玉子は貴重な蛋白源

 封切りを心待ちにしていた山田洋次監督の新作、映画「母べい」を先日見た。「こんな映画を俺はつくりたっかったんだ」という監督の意気込みがつたわる映画だった。わたしは、これまでの山田組作品の中で、ベストスリーの上位にあげたいと密かに思っている。

映画のドラマ展開に関係ないが、母べい(吉永小百合)の家の庭先で鶏を2羽飼っていた。ちゃぶ台を囲みながらの食事場面に玉子かけご飯がよく登場したり、父べいのいなくなった家族になにかと力になってやる山ちゃんへいつも腹を空かしている照べいが産みたての玉子を1個お礼に差しあげる。
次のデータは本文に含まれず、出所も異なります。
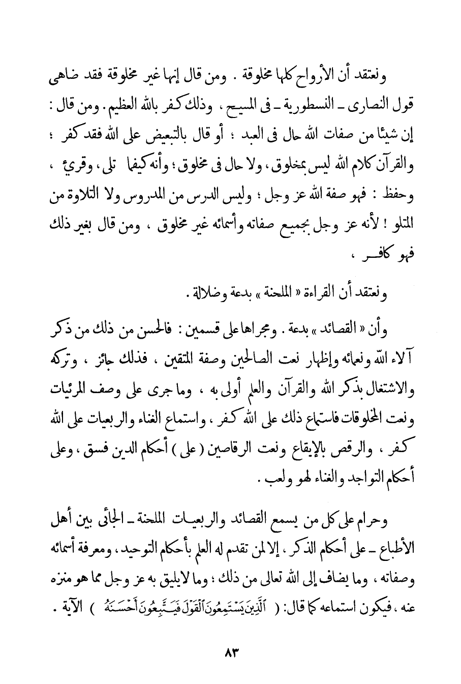 وَنَعْتَقِدُ أَنَّ الْقِرَاءَةَ " الْمُلَحَّنَةَ " بِدْعَةٌ وَضَلَالَةٌ. وَأَنَّ " الْقَصَائِدَ " بِدْعَةٌ. وَمَجْرَاهَا عَلَى قِسْمَيْنِ: فَالْحَسَنُ مِنْ ذَلِكَ مَنْ ذَكَرَ آلَاءِ اللَّهِ وَنَعْمَائِهِ وَإِظْهَارِ نَعْتِ الصَّالِحِينَ وَصِفَةِ الْمُتَّقِينَ فَذَلِكَ جَائِزٌ وَتَرْكُهُ وَالِاشْتِغَالُ بِذِكْرِ اللَّهِ وَالْقُرْآنِ وَالْعِلْمِ أَوْلَى بِهِ وَمَا جَرَى عَلَى وَصْفِ الْمَرْئِيَّاتِ وَنَعْتِ الْمَخْلُوقَاتِ فَاسْتِمَاعُ ذَلِكَ عَلَى اللَّهِ كُفْرٌ وَاسْتِمَاعُ الْغِنَاءِ والربعيات عَلَى اللَّهِ كُفْرٌ وَالرَّقْصُ بِالْإِيقَاعِ وَنَعْتُ الرَّقَّاصِينَ عَلَى أَحْكَامِ الدِّينِ فِسْقٌ وَعَلَى أَحْكَامِ التَّوَاجُدِ وَالْغِنَاءِ لَهْوٌ وَلَعِبٌ. وَحَرَامٌ عَلَى كُلِّ مَنْ يَسْمَعُ الْقَصَائِدَ والربعيات الْمُلَحَّنَةَ - الْجَائِي بَيْنَ أَهْلِ الْأَطْبَاعِ - عَلَى أَحْكَامِ الذِّكْرِ إلَّا لِمَنْ تَقَدَّمَ لَهُ الْعِلْمُ بِأَحْكَامِ التَّوْحِيدِ وَمَعْرِفَةِ أَسْمَائِهِ وَصِفَاتِهِ وَمَا يُضَافُ إلَى اللَّهِ تَعَالَى مِنْ ذَلِكَ؛ وَمَا لَا يَلِيقُ بِهِ عَزَّ وَجَلَّ مِمَّا هُوَ مُنَزَّهٌ عَنْهُ فَيَكُونُ اسْتِمَاعُهُ كَمَا قَالَ: {الَّذِينَ يَسْتَمِعُونَ الْقَوْلَ فَيَتَّبِعُونَ أَحْسَنَهُ} الْآيَةَ.

また、戦争が拡大することにより治安維持法が制定され、それを取締る特攻警察は,銃後を守る庶民の食事とはだいぶかけ離れていた。彼等は、毎夜酒宴を開き、牛肉のすき焼き、刺身を口にし玉子が食台におかれ美食を楽しむ。毎日の食糧に事欠き清貧の母べい家にとって鶏は、夏の暑さにも、冬の寒さにも、粗食にさえ耐えながら玉子を産んでくれる。母べいたちが前向きに生きたその背景には、庶民にエネルギーを供給し続けてきた優秀な玉子有り!?